Tigana
- First edition cover
- Author: Guy Gavriel Kay
- Cover artist: Mel Odom
- Language: English
- Genre: Fantasy
- Publisher: Penguin Canada
- Publication date: August 1990
- Publication place: Canada
- Media type: Print
- Pages: 673 pp.
- ISBN: 0-451-45028-0
- OCLC: 21332269

= Tigana =

1990 novel by Guy Gavriel Kay

Tigana is a 1990 fantasy novel by Canadian writer Guy Gavriel Kay. The novel is set in a region called the Peninsula of the Palm, which somewhat resembles Renaissance Italy as well as the Peloponnese in shape.

==Setting==
The world where Tigana takes place is a planet orbited by two moons. Kay notes that some of his readers tried to connect Tigana with A Song for Arbonne by speculating the stories take place on the same fictional world; Kay explained that he only repeated the same idea rather than attempting to expand his canon.

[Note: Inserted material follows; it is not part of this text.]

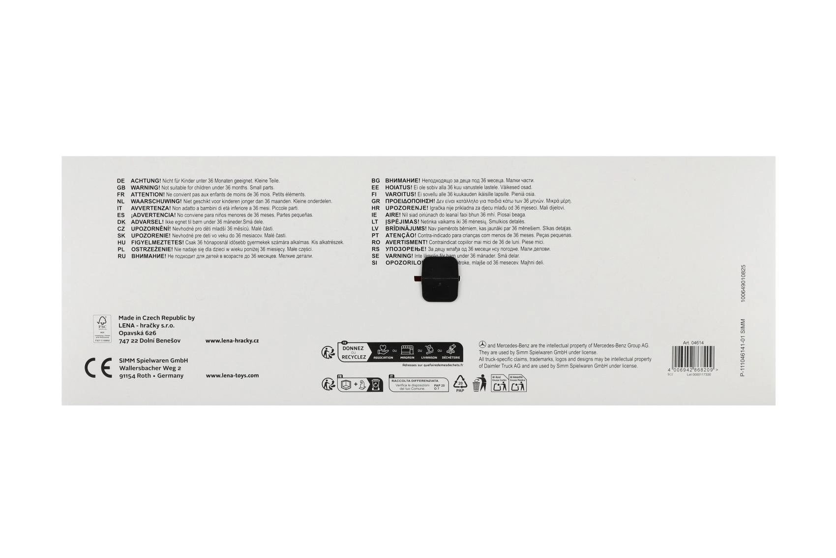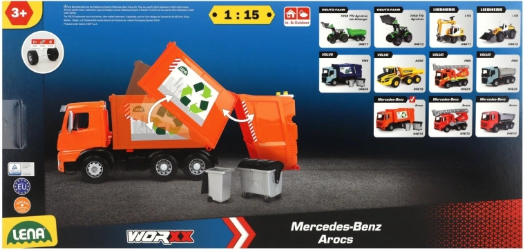 Le camion-benne à ordures MERCEDES AROCS de LENA est un véhicule finement détaillé pour les petits passionnés de technique. Grâce à sa conception robuste en plastique de qualité et à ses axes de roues métalliques solides, il résiste au jeu quotidien à l’intérieur et à l’extérieur. La partie arrière fonctionnelle avec verrou permet un chargement et un basculement des déchets en toute sécurité.

Action is centered on the Peninsula of the Palm, which shares a common culture and language, but, like medieval Italy, is not a unified nation, comprising instead nine provinces with a long history of internecine struggle. The provinces are: Asoli, Astibar, Certando, Chiara, Corte, Ferraut, Senzio, Tigana, and Tregea. With great subtlety, Kay conveys the fact that all this takes place in the Southern Hemisphere of the unnamed world.

This internal conflict facilitates the conquest of the region by two powerful sorcerers: Brandin, the King of Ygrath, and Alberico, an independent warlord from the empire of Barbadior. The two sorcerers conquered simultaneously but independently the peninsula, and have divided it in an uneasy balance of power.

In an interview, Kay noted that the title of the book inadvertently coincided with the football player Jean Tigana. Because of this, the Italian translation of the novel used the title Tigane instead.

===Mythology===
The religion of the Palm is centered on a triad of deities, a God and two Goddesses; the one being his sister-wife and the other being their daughter. An annual feast celebrates the torment and deicide of the God by his sister-wife and daughter, their eating of his flesh, and his rebirth.

===Riselka===
The "riselka" is the only supernatural creature of the book. Based on the rusalka of Slavic folklore and mythology, its appearance in Kay's world is a token of some portent. A portion of it reads as follows:

One man sees a riselka: his life forks there.
Two men see a riselka: one of them shall die.
Three men see a riselka: one is blessed, one forks, one shall die.
One woman sees a riselka: her path comes clear to her.
Two women see a riselka: one of them shall bear a child.
Three women see a riselka: one is blessed, one is clear, one shall bear a child.

==Plot==
A group of rebels attempting to overthrow both tyrants and win back their homeland. Many of the rebels are natives of the province of Tigana, which was the province that most ably resisted Brandin; in a crucial battle, Brandin's son was killed. In retaliation for this, Brandin attacked Tigana and crushed it more savagely than any other part of the Palm; then he used his magic to remove the name and history of Tigana from the minds of the population. Brandin named it Lower Corte, making Corte, their traditional enemies to their north, seem superior to a land that was all but forgotten.

Only those born in Tigana before the invasion can hear or speak its name, or remember it as it was; as far as everyone else is concerned, that area of the country has always been an insignificant part of a neighbouring province, hence the rebels are battling for the very soul of their country.

In the end the rebels engineer a battle between their two enemies hoping they will defeat each other. After victory, the magic preventing others from remembering the province of Tigana is removed.

==Awards==
Tigana was nominated for the 1991 World Fantasy Award—Novel and Aurora Award for Best Novel, winning the latter.